== The problem ==
From the records below, please repeat exactly the line that has "月 29 日訊】在美國馬戲團裡面,大象一直是一個搶眼的表演,但是最近美國著名馬戲團Ringling", the line that has "Vintage Art Deco", and every line between them, and nothing else.

== Entries shown ==
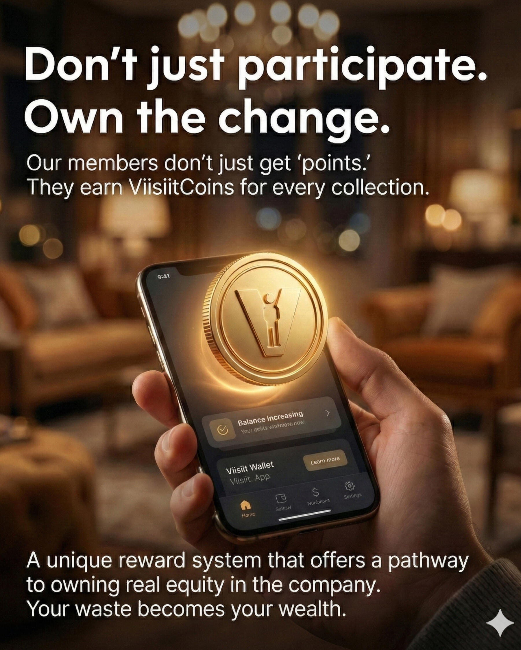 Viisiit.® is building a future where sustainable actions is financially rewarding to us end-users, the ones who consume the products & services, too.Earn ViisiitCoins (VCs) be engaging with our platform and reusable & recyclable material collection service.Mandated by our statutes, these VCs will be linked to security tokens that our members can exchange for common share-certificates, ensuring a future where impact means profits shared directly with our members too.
---
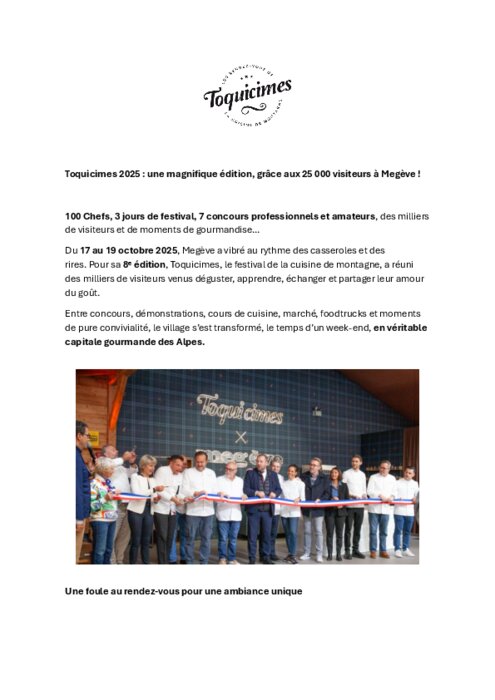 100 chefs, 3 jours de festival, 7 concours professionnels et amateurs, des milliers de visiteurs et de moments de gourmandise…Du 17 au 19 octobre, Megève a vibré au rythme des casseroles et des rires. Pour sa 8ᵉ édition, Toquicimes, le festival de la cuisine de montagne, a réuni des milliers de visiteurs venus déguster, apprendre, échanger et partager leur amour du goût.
* * *
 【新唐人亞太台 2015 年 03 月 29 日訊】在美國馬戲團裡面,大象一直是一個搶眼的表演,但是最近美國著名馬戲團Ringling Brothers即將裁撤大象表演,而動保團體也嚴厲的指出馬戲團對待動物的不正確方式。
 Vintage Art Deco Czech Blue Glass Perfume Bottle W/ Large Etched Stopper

== Task result ==
 【新唐人亞太台 2015 年 03 月 29 日訊】在美國馬戲團裡面,大象一直是一個搶眼的表演,但是最近美國著名馬戲團Ringling Brothers即將裁撤大象表演,而動保團體也嚴厲的指出馬戲團對待動物的不正確方式。
 Vintage Art Deco Czech Blue Glass Perfume Bottle W/ Large Etched Stopper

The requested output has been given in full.